Records for processing START
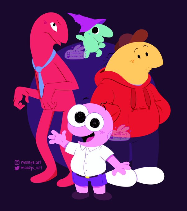 Hello #PortfolioDay! ✨ Here are some recent lineless pieces, I love bringing fun characters to life in my art! twitter.com/mossys_art/sta…
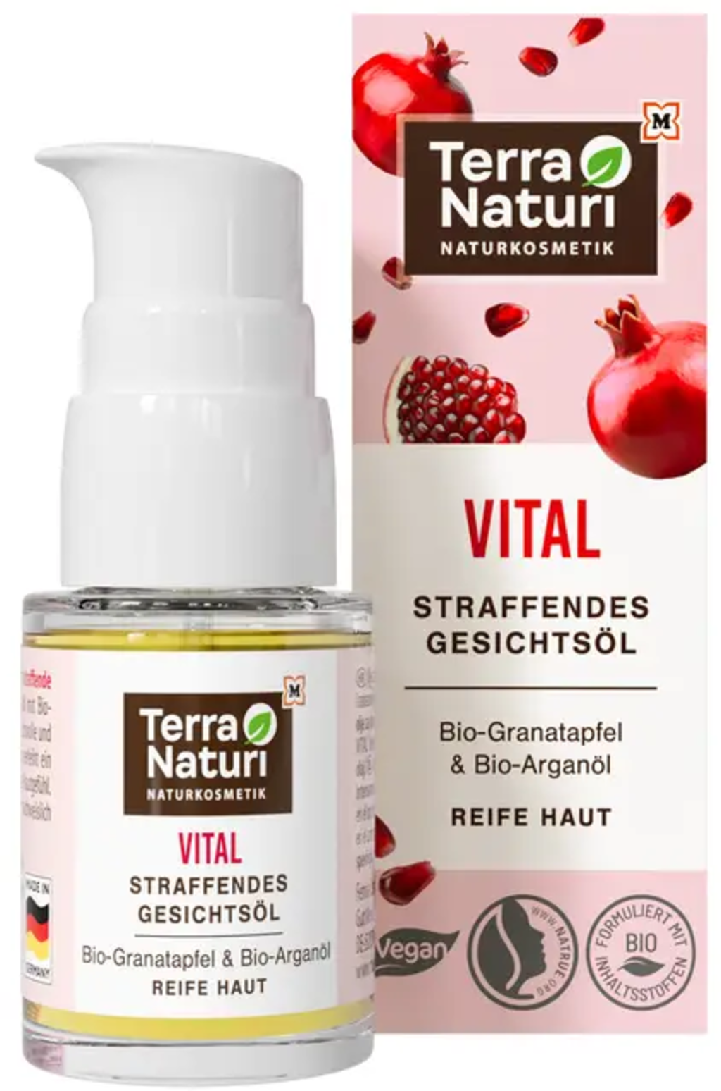 L'Huile Visage VITAL de Terra Naturi chouchoute les peaux matures et exigeantes avec un soin tout particulier. Avec de l'huile de grenade bio et de l'huile d'argan bio, elle soigne et lisse merveilleusement la peau et laisse une sensation soyeuse de bien-être.
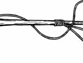 Леска доводится параллельно цевью до места впайки крючка в свинец, разворачивается, делается несколько оборотов вокруг цевья в нисходящем направлении
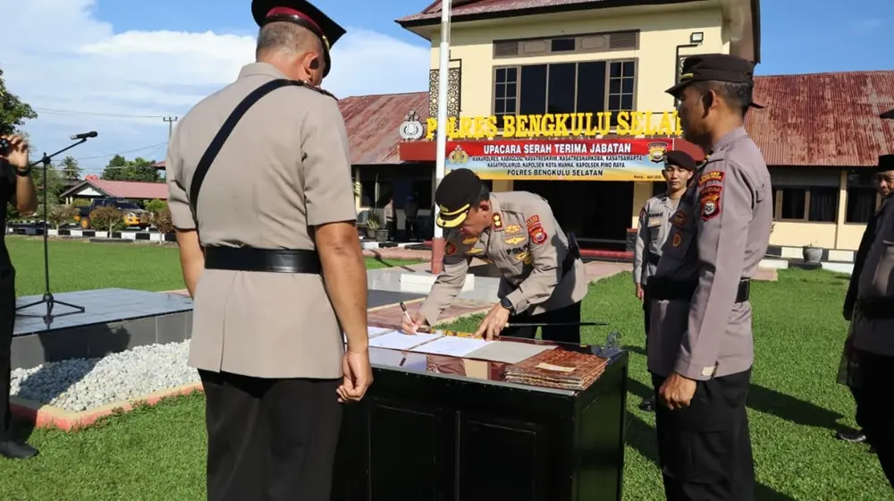 MANNA, AmiraRiau.com – Kepolisian Resor (Polres) Bengkulu Selatan melaksanakan upacara serah terima jabatan (sertijab) bagi sejumlah pejabat utama (PJU) dan Kapolsek jajaran, Kamis (16/4/2026). Upacara yang berlangsung khidmat di lapangan apel Polres ini dipimpin langsung oleh Kapolres Bengkulu Selatan, AKBP Awilzan.
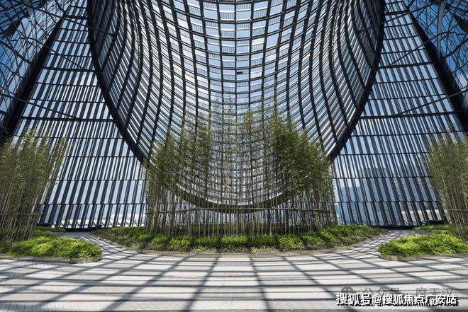 外立面以“H”形为核心意象,呼应杭州拼音首字母,打造八大幕墙类型适配多元业态。冷弯玻璃如江面流动,彩釉垂幕渐变透光,60米跨度钢结构天桥连缀双塔,底部参照江南拱桥设计,刚柔并济的造型与钱塘江景相映成趣。
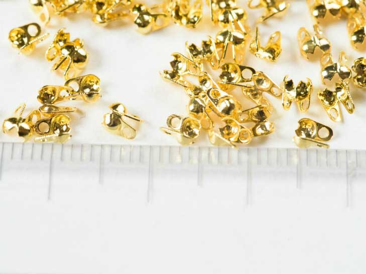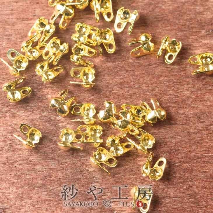 エンドパーツ Vカップ(ボール径:約1.5mm用)ゴールド 約100個 ボールチェーン用 留め金具 端処理 ハンドメイド 通し穴
Records for processing END
Activity |
Repeat exactly the lines above, from the line containing "MANNA, AmiraRiau.com –" through the last line of the records, inclusive; omit any pictures.

Written solution |
 MANNA, AmiraRiau.com – Kepolisian Resor (Polres) Bengkulu Selatan melaksanakan upacara serah terima jabatan (sertijab) bagi sejumlah pejabat utama (PJU) dan Kapolsek jajaran, Kamis (16/4/2026). Upacara yang berlangsung khidmat di lapangan apel Polres ini dipimpin langsung oleh Kapolres Bengkulu Selatan, AKBP Awilzan.
 外立面以“H”形为核心意象,呼应杭州拼音首字母,打造八大幕墙类型适配多元业态。冷弯玻璃如江面流动,彩釉垂幕渐变透光,60米跨度钢结构天桥连缀双塔,底部参照江南拱桥设计,刚柔并济的造型与钱塘江景相映成趣。
 エンドパーツ Vカップ(ボール径:約1.5mm用)ゴールド 約100個 ボールチェーン用 留め金具 端処理 ハンドメイド 通し穴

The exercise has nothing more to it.